Some of you have asked me why I have not been writing....I'm not saying for sure but I am mostly convinced that perfectionism has something to do with it.
Author Anne Lamott has this to say about the "p" word:
“Perfectionism is the voice of the oppressor, the enemy of the people.
It will keep you cramped and insane your whole life...”
So...Thanksgiving, in a less than perfect post:
The THREE of us (Big C is a college freshman now...with a car...and a schedule of his own) traveled back to my home, in Western Kentucky, as is our custom. My Dad holds space for us to be together, whoever WE might be, in a great big house he insists on calling a cabin on Kentucky Lake. My brother and his sweet family came this year, an unusual occurrence. Big C met us there. My aunt and uncle and my cousin live near by. Other loved ones didn't make it this year....we'll keep our fingers crossed for next year.
I usually assist my Dad with the turkey but this year I assisted my brother who has a knack in the kitchen. He turned out a really fine bird....very pretty AND tasty!
We took walks in the woods before and after we ate cherry pie. Three of 'em, to be exact. Pies, that is. The dogs swam in the lake.
I brought homemade blackberry jam and my brother made biscuits for breakfast.
Little c and her cousins played with dolls and made quilt forts.
Harper the Dog wrestled day and night with my brother's dog and my Dad bought some dog bowls to keep at the cabin because "we have dogs now."
My cousin brought her new baby who looks just like she did as a baby. I kept saying that until someone found old photos to prove it! We all passed the baby around, admired her kick ass shoes and made silly faces to amuse her.
My aunt made her famous artichoke dip AND she made her famous spinach dip AND she made a fuss over the "cowboy candy" I brought for the first time this year....I gave her the rest of the jar to take home with her. Her mama came to dinner too.
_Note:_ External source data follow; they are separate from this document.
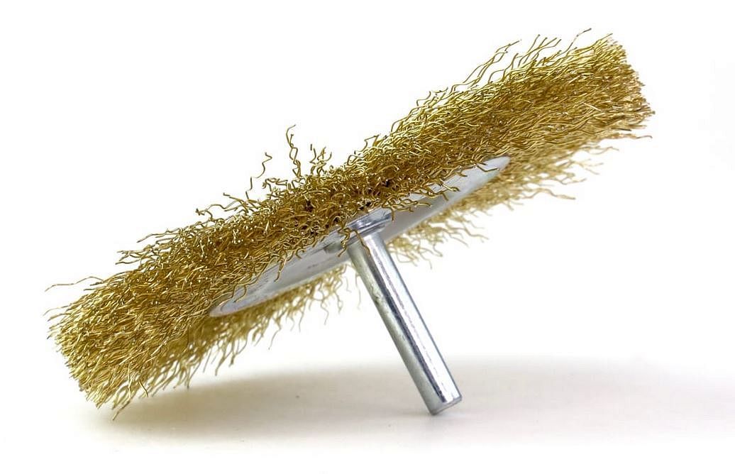 Щетка дисковая c хвостовиком для дрели, гофрир-ая латунир-я сталь D75X10X0,3X6 мм
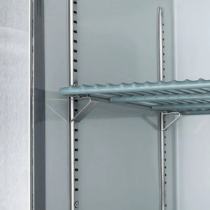 With this Reach-In refrigerator, you can keep your modest back-of-house room well-stocked. With multiple adjustable shelves and a high internal capacity, there is plenty of storage space. It has a smaller footprint, which makes it excellent for small settings. This item, with a stainless steel exterior and a painted aluminum inside, is tough and dependable in busy kitchens.
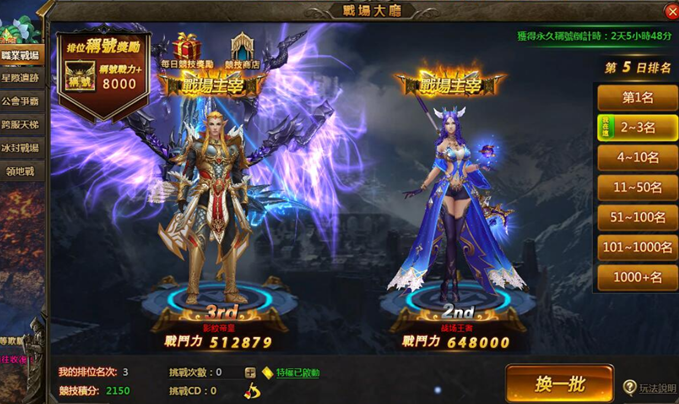 系統會根據所有報名玩家進行歷史最高戰力排名,每30名玩家歸納為一個戰場,進入戰場時會隨機分配勢力;
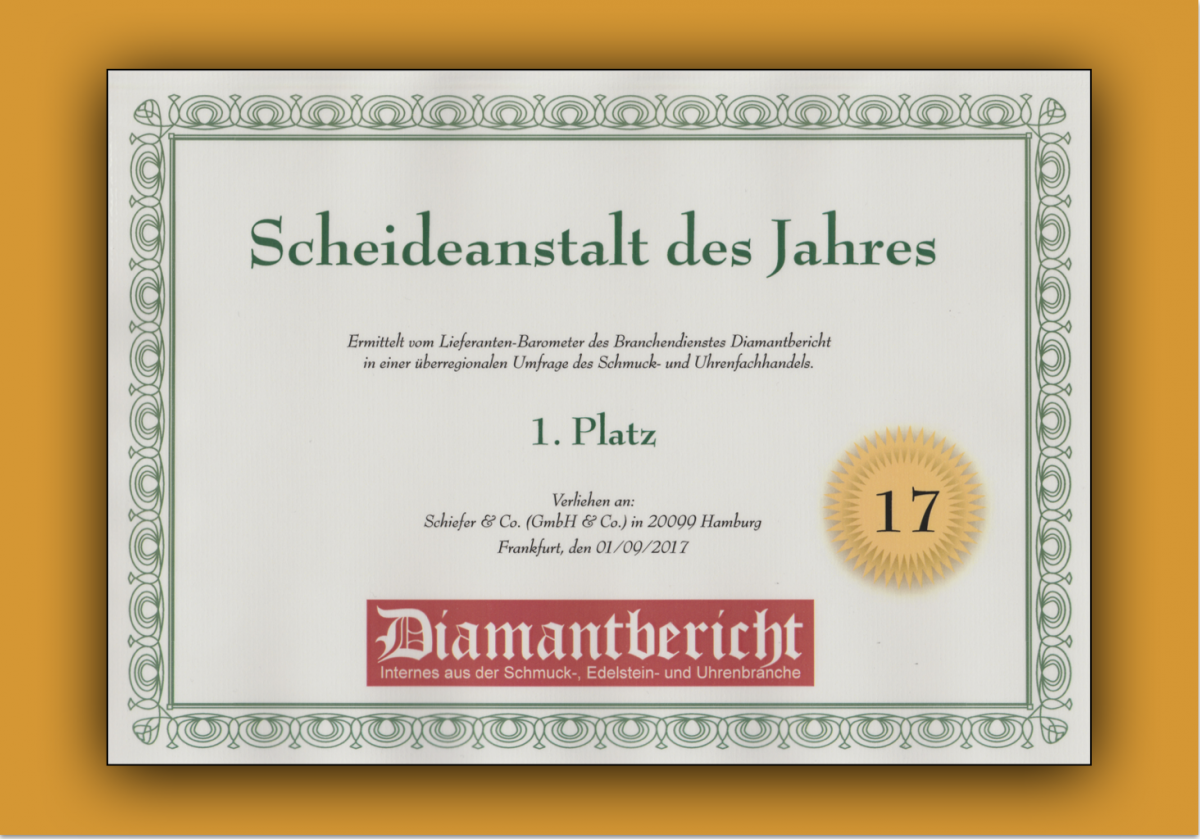 Nun durften wir uns schon im vorvorletzten, im vorletzten und im letzten Jahr, gemäß den Umfragen des Branchendienstes “Diamantbericht” unter Abonnenten “Scheideanstalt des Jahres” nennen, aber es bleibt kurios, angesichts der geballten Kompetenz der Mit-Mitglieder in den Fachverbänden. Mit gutem Grund arbeiten wir Nordlichter in vielen Bereichen partnerschaftlich nur mit seriösen Scheideanstalten, südlich der Elbe in Pforzheim und Hanau. Unter den teilweise sehr spezialisierten, vertrauensvoll arbeitenden Edelmetall-Recycling-Betrieben Deutschlands, sind wir mit hoher Wahrscheinlichkeit das kleinste Licht. Aber dafür sind wir die einzige älteste traditionelle Edelmetall-Scheideanstalt nördlich der Elbe bei Hamburg mit vielfältigem Dienstleistungsspektrum für Goldschmiedeateliers.

Generations of Us.
We listened to old songs on a fancy new speaker we could all control from our phones (FUN!) and found some new (warning: not fit for all audiences!) favorites.
On the day after Thanksgiving, we moved the stack of pies and coconut cake off the counter to make room for leftovers. Left down low, my brother's dog helped himself to a 1/4 of a triple layer coconut cake AND the plastic wrap that was covering it. In about 2 bites. While no one was looking. And no one got pissy. EVEN though we really, REALLY like the coconut cake my aunt buys from the Senior Citizens Holiday Bake Sale.
We drank craft beer and lots of wine and tea, iced and hot. Michael fixed us oatmeal for breakfast. We talked about getting older and growing up. Maybe. Someday. We fell asleep early and woke up early and finally managed to stay up til 10:30 on the last night.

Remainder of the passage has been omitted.